Nothing is black and white, except electron micrographs, and even then they are easy game for dodging, blending, blurring, mending, and pseudocoloring. Cytoplasm here is blue. In this case I have a cell from a culture of A549 cells in which C9orf82 was knocked down using si67. This is pellet 4 from one of those studies. It produced this cell in which the granular component of the nucleolus was separated into at least two bodies (almost bilaterally symmetrically arranged) which rest at the inner nuclear membrane. Fibrillar centers are small, dense fibrillar component is still visible (albeit not distinctly) in the nucleolus (pseudocolored purple in the center of the cell). Off to the side is what I could guess would be either degraded DNA (not my first choice as an answer (it is pseudocolored bile-yellow) or perhaps a fine granular component of the nucleolus in an apoptotic cell. Part of an interchromatin granule (red, lower left) cluster (IGC) (sometimes called speckles, a name which is not really to my liking since the IGC has a boundary, a background texture that is also part of the structure).
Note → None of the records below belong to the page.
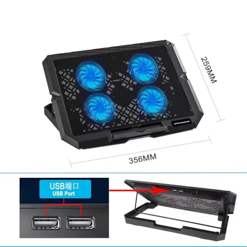 Generic - C4000 Laptop Cooling Fan - 17 Inch - 4 LED Fans with 2 USB Ports - Slim Design - Ergonomic and Practical - Thanks to Backlight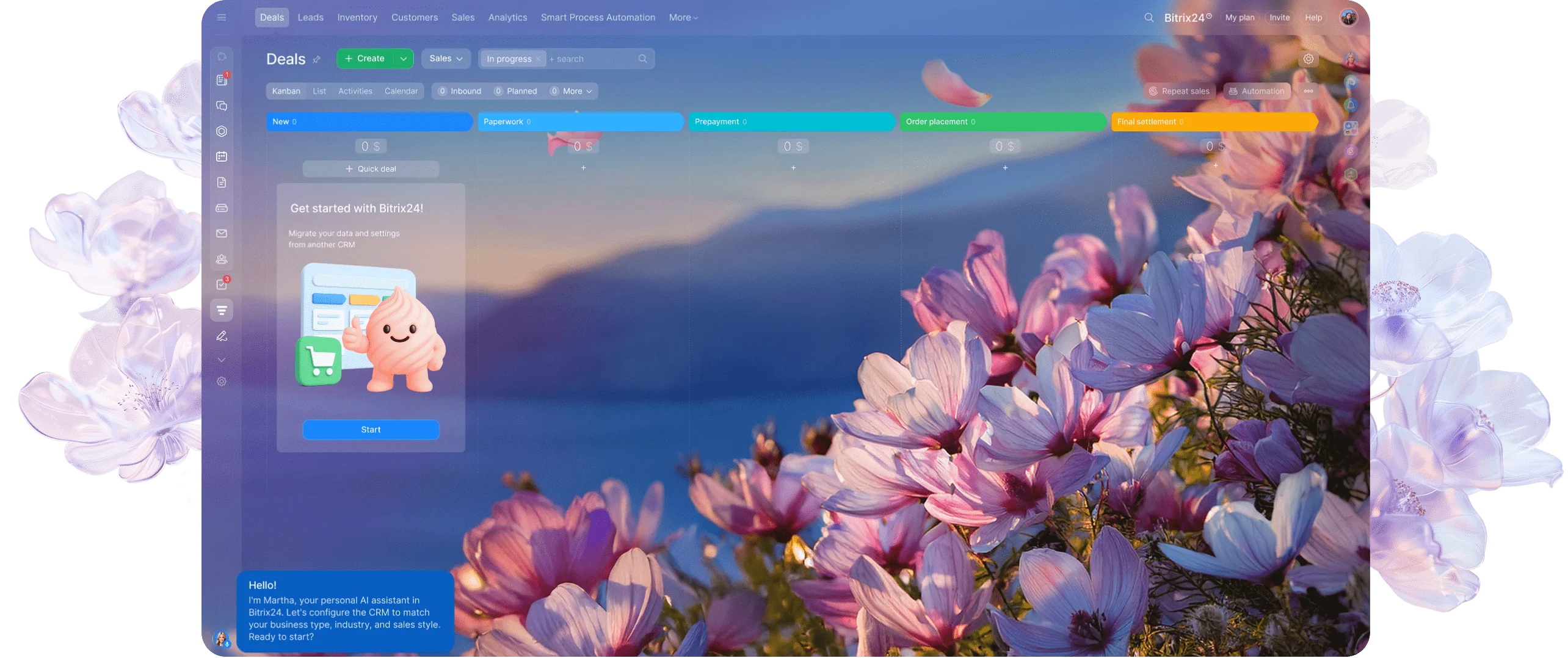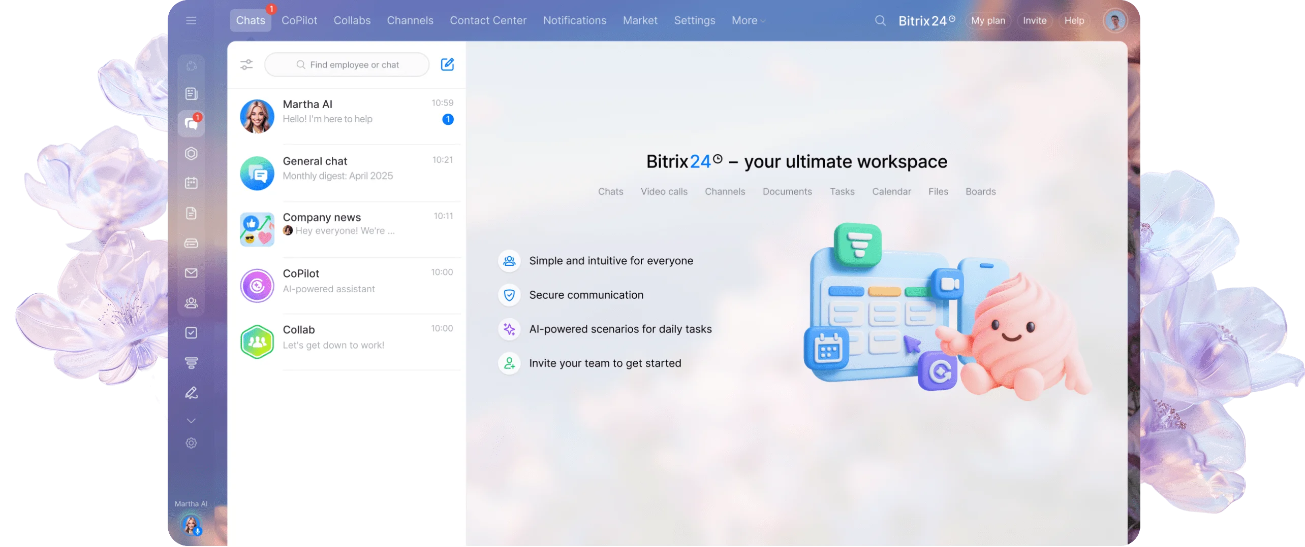 Martha is your new go-to for getting things done. From product onboarding to daily scheduling and tool setup, this AI-powered assistant is here to lighten your workload and help you (and your teammates) navigate Bitrix24 like with ease.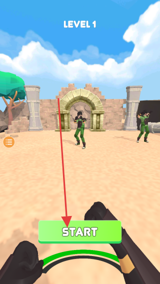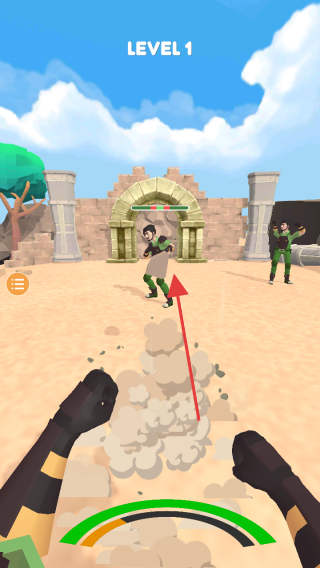 2、第1關(guān)戰(zhàn)斗過(guò)程,操控射擊,擊敗場(chǎng)景中穿綠色服裝的敵人,推進(jìn)關(guān)卡。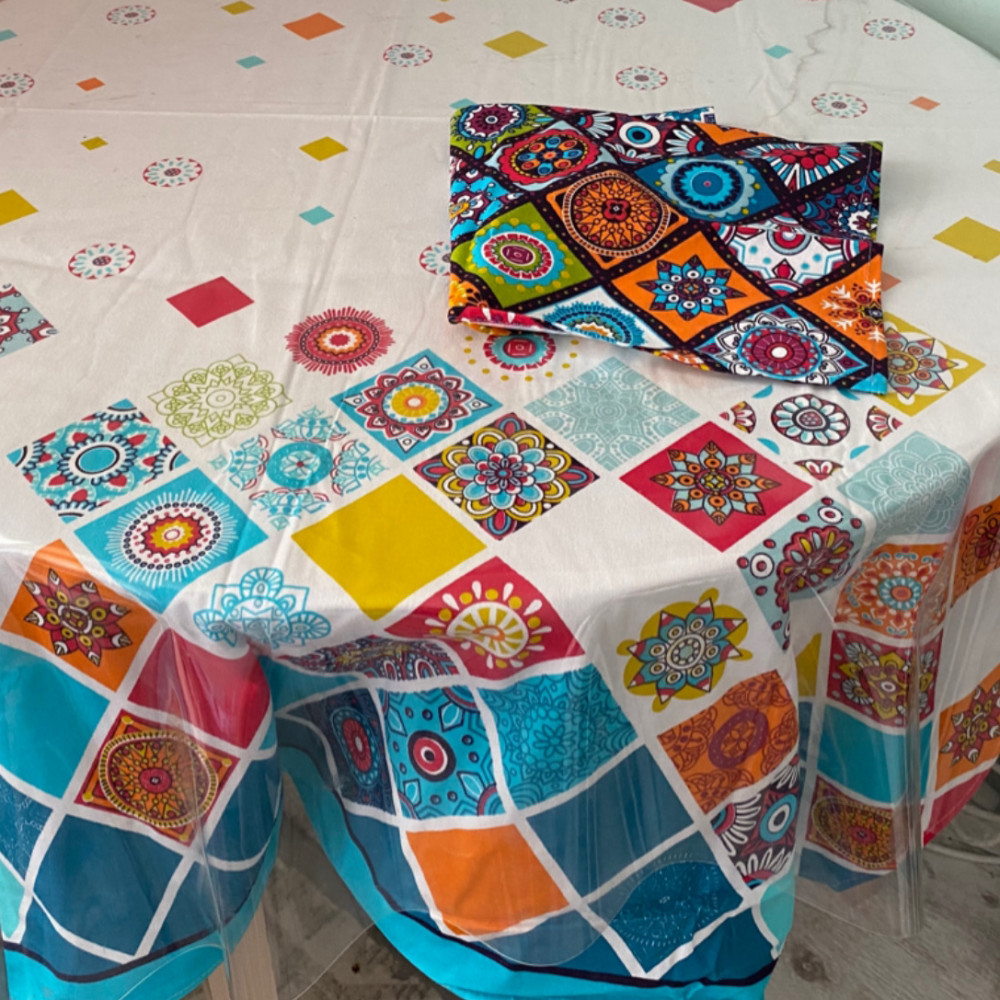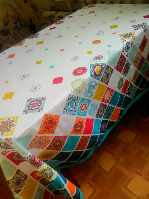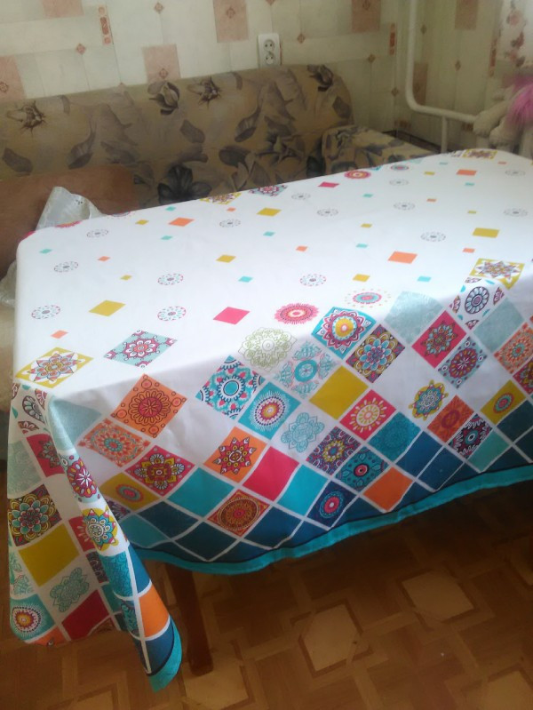Скатерть яркая, всё пришло упаковано как положено. Размер я угадала☺️, полотенце подобрала😍. Всем довольна. Благодарю 🙏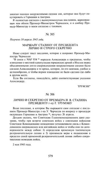 Лично и секретно от премьера И.В. Сталина президенту г-ну Г. Трумэну. 2 мая 1945 года [1]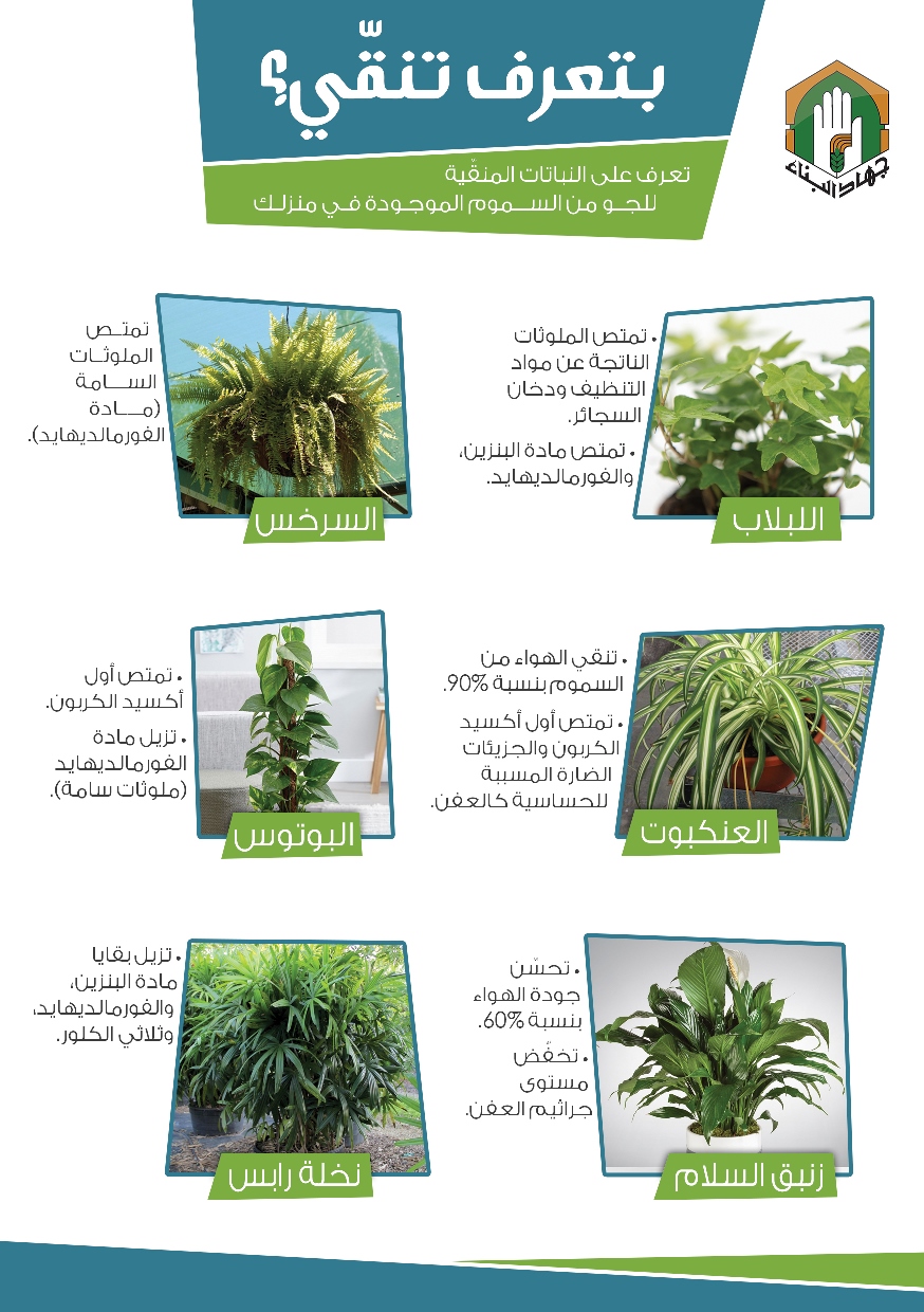 - تنظيف الهواء: تُساعد نباتات الزينة على تنقية الهواء داخل المنازل وجعله عذبًا، وتقلّل من مستويات الملوثات مثل: أول أوكسيد الكربون، والفورمالدهايد، والبنزين، وثلاثي كلور الإيثيلين التي تمتلىء بها المنازل بسبب مصادر الطاقة المختلفة، بالإضافة إلى مساهمتها في إعادة تدوير ثاني أكسيد الكربون من خلال عملية التمثيل الضوئي.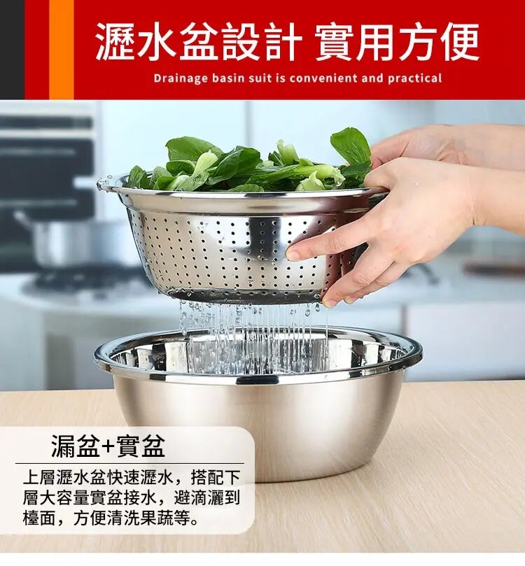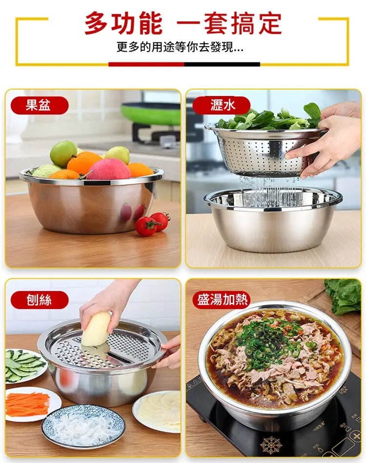 304不銹鋼刨絲盆三件套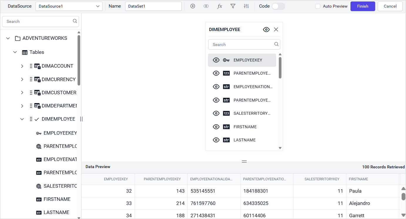 Click Finish to save the data source with a relevant name to proceed with designing report.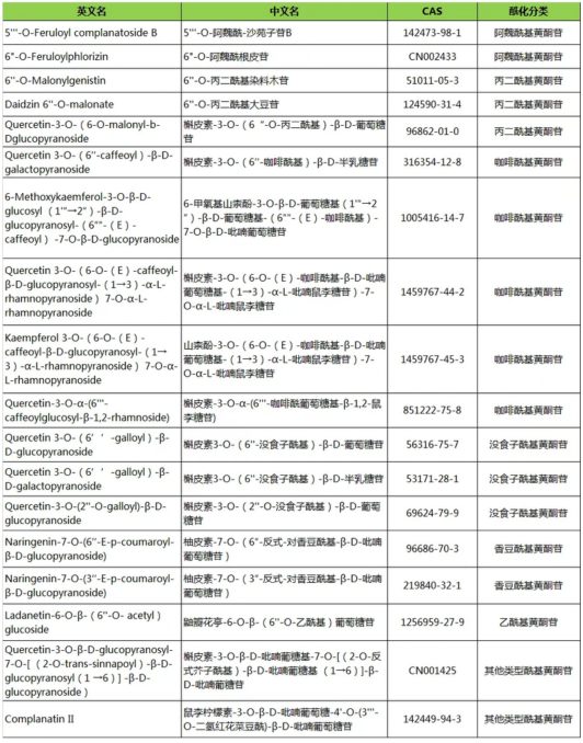 普思生物提供以下酰化黄酮糖苷对照品现货: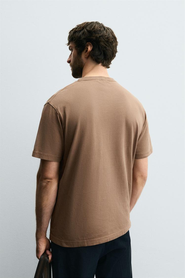 ZARA ФУТБОЛКА С ЭФФЕКТОМ ПОТЕРТОСТИ СТАНДАРТНОГО КРОЯ, СВЕТЛО-КОРИЧНЕВЫЙ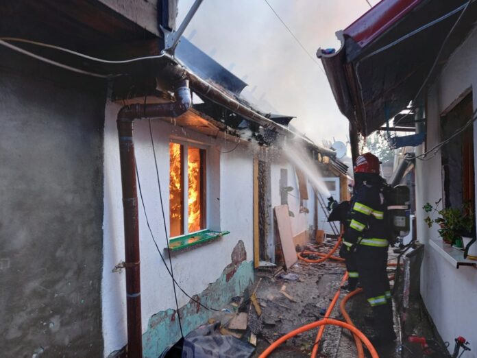 UPDATE ora 13.27: Incendiul este localizat și se intervine în continuare pentru lichidarea tuturor focarelor. Toate persoanele care se aflau în interiorul cladirii s-au autoevacuat. Au fost scoase 2 butelii din interiorul casei, de către pompieri.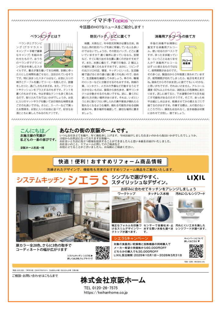 京阪ホームが毎月1回発行している「京阪ホーム新聞」ですが、リフォームの事だけではなく日頃の生活に役立つ情報を発信しております。

So I would propose keeping two names, the “IGC” which is the greater boundary of that area and “nuclear speckles” as well, since the densities (as seen in this micrograph) can apparently be large.
If i am not off base here, the background of the whole IGC is red, but there are very clearly larger than typical speckles within the IGC, and the latter itself is quite small. With immunohistochemistry the diffuse staining of IGC background proteins fluoresces with some of the antibodies to proteins like SC-37 in an area which can be 2 microns across easily. I am looking for alternative proteins stained in very punctate regions of the IGC and hopefully they will be different and good markers for a separate ultrastructural components of the IGC. The point would be to localize to the densities with the IGC, some proteins for splicing, and accept that the diffuse staining could apply to SC-37, but not other proteins, mainly those in the variable size granules within the IGC.
We will see if there are data to back up the keeping of both names but assigning them to their obvious separate entities. BTW, there is pretty obvious bilateral symmetry to this apoptotic cell nucleus. and a radial symmetry to the dense bodies within the red colored IGC. And while i have no clue what the curley-Qs are… i bet they have something to do with the transfection. Just looking at this cell shows one tiny surviving mitochondrion, in this apoptotic cell, which is very close to the cytoplasmic filaments of a nuclear pore…also something which needs to be monitored during apoptosis.